In its defense, this approach of equivalency was a safeguard against news organizations turning into arms of the campaigns. But it also made possible things like the Swift Boat smears against John Kerry, which were largely given some-say-this-some-say-that treatment.

The problem with that kind of equivalency, however, is that by throwing up your hands and refusing to adjudicate, you give the advantage to whoever is willing to come up with the boldest, most egregious line of B.S. It is not a practice that actually serves your audience, which looks to the media to cut through the B.S. and say what is actually true. But you’ve got an airtight defense against bias!

Frankly, I think that this is where a lot of the frustration in the McCain camp comes from. Under the old system, their arguments would be working much better. The rules have, to some extent, changed; and whether it’s because of press bias or a broader shift in press mores, either way, it’s working against them. They are probably being treated differently than they would have, say, in 2004; that is not the same as saying they are being treated unfairly.

Now it’s possible that the press are making the right decision for the wrong reasons. Maybe it’s only because journalists are so throughly smitten with Obama that they are shedding the old practice of false equivalency. Maybe the rush of critical reporting after Katrina showed the press that it was safe to call shots like “this campaign is more egregiously over the line,” or “this government disaster response is not working.” Immediately after 9/11, when a press was facing a business slowdown and terrified of being seen as unpatriotic, the attitude was much different.

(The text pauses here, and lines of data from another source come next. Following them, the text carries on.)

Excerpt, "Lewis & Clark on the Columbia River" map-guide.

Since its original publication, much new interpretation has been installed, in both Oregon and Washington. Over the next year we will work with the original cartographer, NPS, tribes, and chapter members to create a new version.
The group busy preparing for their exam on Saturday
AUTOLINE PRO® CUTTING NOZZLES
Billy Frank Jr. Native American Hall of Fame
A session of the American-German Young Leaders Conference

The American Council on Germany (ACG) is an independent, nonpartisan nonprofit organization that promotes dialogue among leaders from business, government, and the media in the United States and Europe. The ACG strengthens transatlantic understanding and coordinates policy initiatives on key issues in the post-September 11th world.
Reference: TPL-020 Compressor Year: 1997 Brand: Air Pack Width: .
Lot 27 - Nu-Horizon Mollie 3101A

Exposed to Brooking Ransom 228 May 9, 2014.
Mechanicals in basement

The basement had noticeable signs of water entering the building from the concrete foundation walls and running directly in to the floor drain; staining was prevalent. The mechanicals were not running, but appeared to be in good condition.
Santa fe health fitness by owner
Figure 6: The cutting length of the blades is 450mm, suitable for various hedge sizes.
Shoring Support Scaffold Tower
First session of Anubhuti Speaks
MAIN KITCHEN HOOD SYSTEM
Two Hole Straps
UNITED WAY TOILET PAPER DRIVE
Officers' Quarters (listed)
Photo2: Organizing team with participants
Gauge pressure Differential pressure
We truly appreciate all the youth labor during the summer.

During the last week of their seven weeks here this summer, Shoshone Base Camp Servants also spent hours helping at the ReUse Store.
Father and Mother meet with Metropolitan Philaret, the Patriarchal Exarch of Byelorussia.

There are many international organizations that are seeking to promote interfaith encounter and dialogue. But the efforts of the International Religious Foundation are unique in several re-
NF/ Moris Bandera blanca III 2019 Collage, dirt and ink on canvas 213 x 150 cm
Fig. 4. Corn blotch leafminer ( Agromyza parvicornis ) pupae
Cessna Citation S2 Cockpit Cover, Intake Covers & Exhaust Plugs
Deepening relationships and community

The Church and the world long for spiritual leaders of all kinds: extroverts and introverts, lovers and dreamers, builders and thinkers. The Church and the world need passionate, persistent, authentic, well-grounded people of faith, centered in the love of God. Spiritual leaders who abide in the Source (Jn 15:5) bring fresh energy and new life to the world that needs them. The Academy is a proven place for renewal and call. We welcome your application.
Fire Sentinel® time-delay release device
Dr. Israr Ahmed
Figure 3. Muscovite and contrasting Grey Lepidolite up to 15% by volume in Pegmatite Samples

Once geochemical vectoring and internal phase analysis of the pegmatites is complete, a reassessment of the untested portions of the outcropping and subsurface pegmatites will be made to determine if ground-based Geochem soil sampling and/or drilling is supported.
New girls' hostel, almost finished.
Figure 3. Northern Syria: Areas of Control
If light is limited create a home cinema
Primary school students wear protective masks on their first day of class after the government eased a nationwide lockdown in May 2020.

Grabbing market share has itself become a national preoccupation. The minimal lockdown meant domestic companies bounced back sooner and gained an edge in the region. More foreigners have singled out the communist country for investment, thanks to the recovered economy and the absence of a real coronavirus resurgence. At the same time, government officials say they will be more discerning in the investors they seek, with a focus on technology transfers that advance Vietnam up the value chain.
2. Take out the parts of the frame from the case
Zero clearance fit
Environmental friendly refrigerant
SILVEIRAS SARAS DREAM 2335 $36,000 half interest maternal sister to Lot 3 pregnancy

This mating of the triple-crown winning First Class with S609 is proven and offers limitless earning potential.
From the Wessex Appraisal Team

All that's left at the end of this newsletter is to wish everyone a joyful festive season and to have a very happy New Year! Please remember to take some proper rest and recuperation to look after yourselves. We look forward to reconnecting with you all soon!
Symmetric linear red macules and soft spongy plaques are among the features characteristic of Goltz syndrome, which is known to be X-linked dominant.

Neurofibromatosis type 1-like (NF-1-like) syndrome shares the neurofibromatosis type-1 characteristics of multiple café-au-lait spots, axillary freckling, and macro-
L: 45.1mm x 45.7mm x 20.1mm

Regardless of the motivation for moving away from knee-jerk equivalency, it’s still the right move to make. And it’s being made slowly and only in some instances: there’s still plenty of false equivalency out there.

And yet, a campaign suddenly caught working in an environment where the rules have changed has a point. It’s not the McCain campaign’s fault that they were expecting the press to use the same on-the-one-hand-on-the-other frame it always used to. It’s unlucky for them. It’s unfair.

But in a case where two competing claims really are not equivalent, sometimes unfair and unbalanced actually amount to the right thing.